5. 1966 Ford #2 GT40 Mk II

This is secretly my personal favorite car in the game, especially if you slap the iconic Gulf livery on it. At 13.2 million credits, it is the cheapest of the top five, but it is easily the most capable. It is an A-Class powerhouse with a 666 rating.

It is the heaviest of the bunch, but it makes up for it by having the highest top speed, the most torque, and the highest horsepower. This is the exact model that famously shattered Ferrari's six-year winning streak at Le Mans, securing a legendary 1-2-3 finish.

How To Cheat The Price Tags

If dropping 70 million credits on a single car makes you feel physically ill, you have a few ways around the Autoshow economy.

The Auction House should always be your first stop. You can usually find the 70-million-credit Ferrari 330 P4 listed with a buyout price of around 20 million credits. If you are patient and willing to sit through a bidding war, you can steal it for even less.
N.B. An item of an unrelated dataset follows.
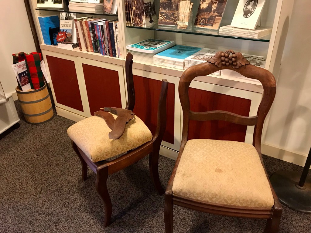 Did the chairs and table make that return trip with her? Nope. So far I have received differing opinions on the age of the chairs: one asserting they were from the early 1900s, while the other dates them as late 19th Century (later Victorian) like the table. Either way, neither the table or chairs, that we refer to as “Chloe’s” could have been owned by Chloe. Although Chloe moved from Salem to Northwest Portland with her daughter Frances and son-in-law J.K. Gill in 1871, she died in 1874. No longer is there anyone living who knows the truth about the chairs and table, and yet I am pleased to have delivered the chairs to WHC now, and will follow with the table: a final resting place in honor of Chloe and her Salem history, even if they were never actually hers.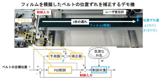 弊社は、省メモリでありながら、マイコン上で高速に推論可能な独自のエッジAIソフトウェアを開発・提供しております。本AIは、モーター制御や油圧制御などの生産機器の制御処理に活用でき、AIが制御指令値を補正する「AI-PID」技術を用いることで、生産機器の制御改善などに貢献します。なかでも、FA業界のフィルム巻取りなど、ウェブ搬送における蛇行制御装置をはじめとする遅れの大きな制御対象に対して有効です。従来、ウェブを送り出すためのローラーとの摩擦や搬送機自体の振動等の外乱により、搬送物の位置ずれが発生し、材料ロスにつながる課題がありましたが、弊社のAI技術を活用することで、この位置ずれを改善し、材料ロスの低減に貢献します。

Players constantly dump these cars after unlocking them, drastically driving down the secondary market value.

You can also rely on Wheelspins if you feel lucky. Every car on this list is technically in the reward pool, though the drop rates for legendary vehicles are incredibly slim. If all else fails, save your Car Vouchers. A voucher completely bypasses the credit cost of any Autoshow vehicle, making the Spa 330 P4 the mathematically smartest thing you can spend it on.